Wie zij ontvangt, ontneemt zij elk gewicht
met sprankelende, sprekende gebaren;
zij kan een wereld in haar schoot bewaren
op sluiers open en op sluiers dicht.
.
Even
.
Waar het stelen
geven
is,
kus met kus
verweven
is,
is het leven
even
alles wat het
is.
.
Rijmende endjes
Of de bouts-rimés
.
Binnen de vaste versvormen zijn er vele mogelijkheden en er komen er ook nog steeds bij. Een leuke variant is de bouts-rimés of de rijmende endjes. Dit is een poëtisch spel waarbij men de rijmwoorden van een gedicht neemt en hiermee een volledig nieuw gedicht maakt. Bouts-Rimés is bedacht door de, verder onbelangrijke, 17e eeuwse Franse dichter Dulot, van wie verder geen werk bewaard is gebleven. Hij klaagde ooit dat hij was beroofd van 300 sonnetten. Toen zijn omgeving hierover nogal verbaasd was (over het aantal) verklaarde hij dat het hier louter ging om de rijmwoorden en dat hij de sonnetten later zou schrijven. In die tijd vond men dat reuze amusant en wat Dulot als serieuze zaak had gedaan (het opschrijven van rijmwoorden om daar later sonnetten van te maken) werd als spel een hit en bleef dit tot ver in de 18e eeuw.
.
In Nederland heeft (wie anders) Drs. P. zich aan deze vorm overgegeven maar ook Remko Koplamp op de rijmwoorden van een sonnet van Jean Pierre Rawie. Hieronder zie je waar zo’n bout-rimés toe kan leiden.
.
Kringloop
Wij hebben ook vannacht weer niet geslapen,
wij hadden wel wat anders aan ons hoofd:
we leken even voor elkaar geschapen,
en alle leugens werden weer geloofd.
Toch hebben we zeer van elkaar gehouden,
het is gekomen als het is gegaan;
verder blijft alles altijd bij het oude:
de Moor kan gaan hij heeft zijn plicht gedaan.

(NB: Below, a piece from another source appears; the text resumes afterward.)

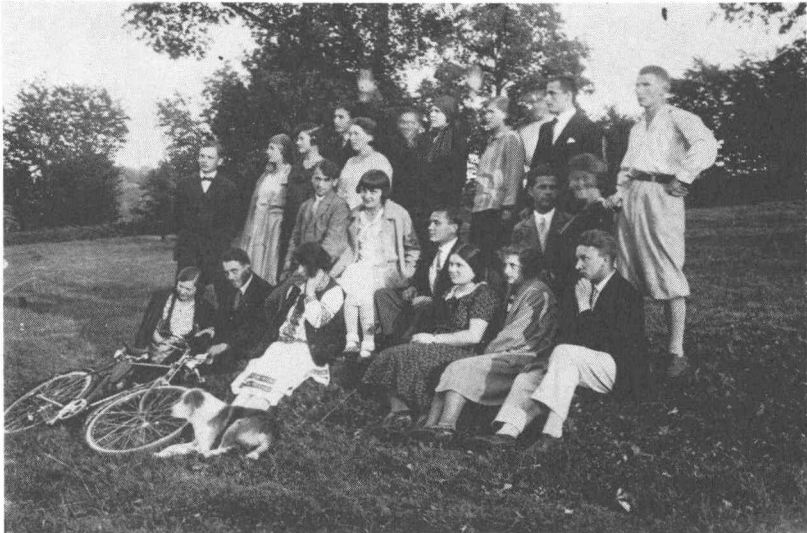
Бережанські студентки і студенти на прогулянці серед зелені.

Er stonden ’s morgens mannen in de bomen
en zaagden zinvol in de takken rond.
Ik ben gegaan zoals ik ben gekomen,
maar met de smaak van sterven in mijn mond.
Ik heb dus ook vannacht weer niet geslapen
Die hele wedstrijd bonkte door mijn hoofd
We hadden toch een kans of vier geschapen
En eventjes had ik erin geloofd
Ik heb een poos de moed erin gehouden
(Er zijn wel twintig biertjes doorgegaan)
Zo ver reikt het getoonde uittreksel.